A Rupture
Published online by Cambridge University Press: 05 June 2014
A psychological and epistemological rupture has occurred in the Arab Middle East that has shaken the authoritarian order to its very foundation and introduced a new language and a new era of contentious politics and revolutions. A revolutionary moment of political emancipation and self-determination challenges conventional ways and dominant thinking about the region, such as the durability and resilience of authoritarianism and the ability of autocratic rulers to police the status quo. There is a reinvigorated academic interest in bottom-up politics, workers, ordinary people, social movements, public space and resistance, the decay of hegemony, the crisis of authority and the role of agency in general – a refreshing departure from the past fixation with top-down politics and the elite.

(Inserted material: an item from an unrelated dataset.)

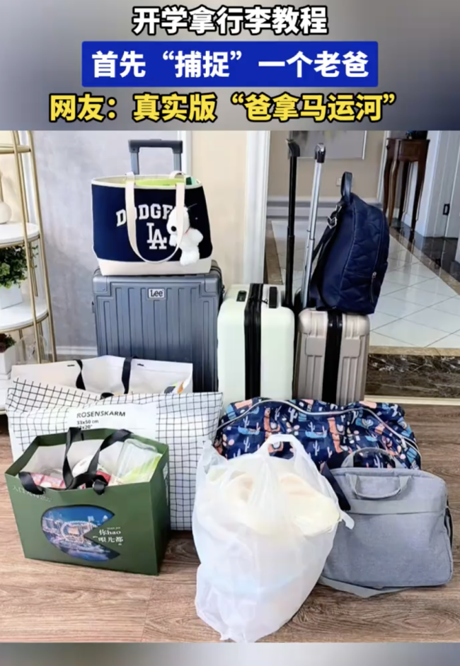 开学季著名景点:“爸拿马运河”。9月开学季,有网友分享自己的开学拿行李教程,首先“捕捉”一个老爸,网友调侃称:“爸拿马运河”。开学季著名景点:“爸拿马运河”开学季著名景点:“爸拿马运河”开学季著名景点:“爸拿马运河”开学季著名景点:“爸拿...
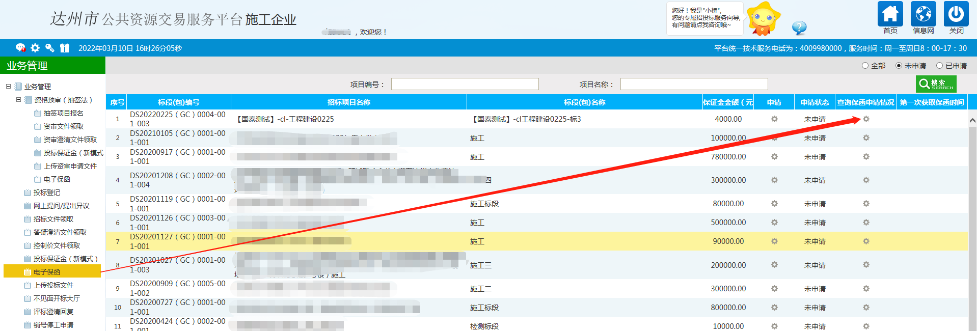 8、成功出具保函之后,投标人还需在投标保证金缴纳截止时间前进入达州市公共资源交易服务平台,从业务管理栏“电子保函”模板中打印出投标保证金缴纳证明文件。

Far from over, this revolutionary moment is still unfolding before our eyes, an open-ended struggle that will play out in the coming years. If history serves as a guide, revolutionary moments – as opposed to revolutions that swiftly overturn a society’s social, economic and political structure, all within a relatively short time frame – will take time and space to produce a revolutionary outcome. In the process, they might be aborted, hijacked, co-opted, institutionalized, or face setbacks. Therefore, it is critical to distinguish between two processes: (1) reconstructing the conditions and settings that led to the overthrow of the Zine El Abidine Ben Ali regime in Tunisia and of the Hosni Mubarak regime in Egypt; and (2) examining transition from political authoritarianism in various countries and the prospects of sustaining the cohesiveness and unity of the masses of protesters as the struggle turns to building a governing coalition, a new system for allocating power.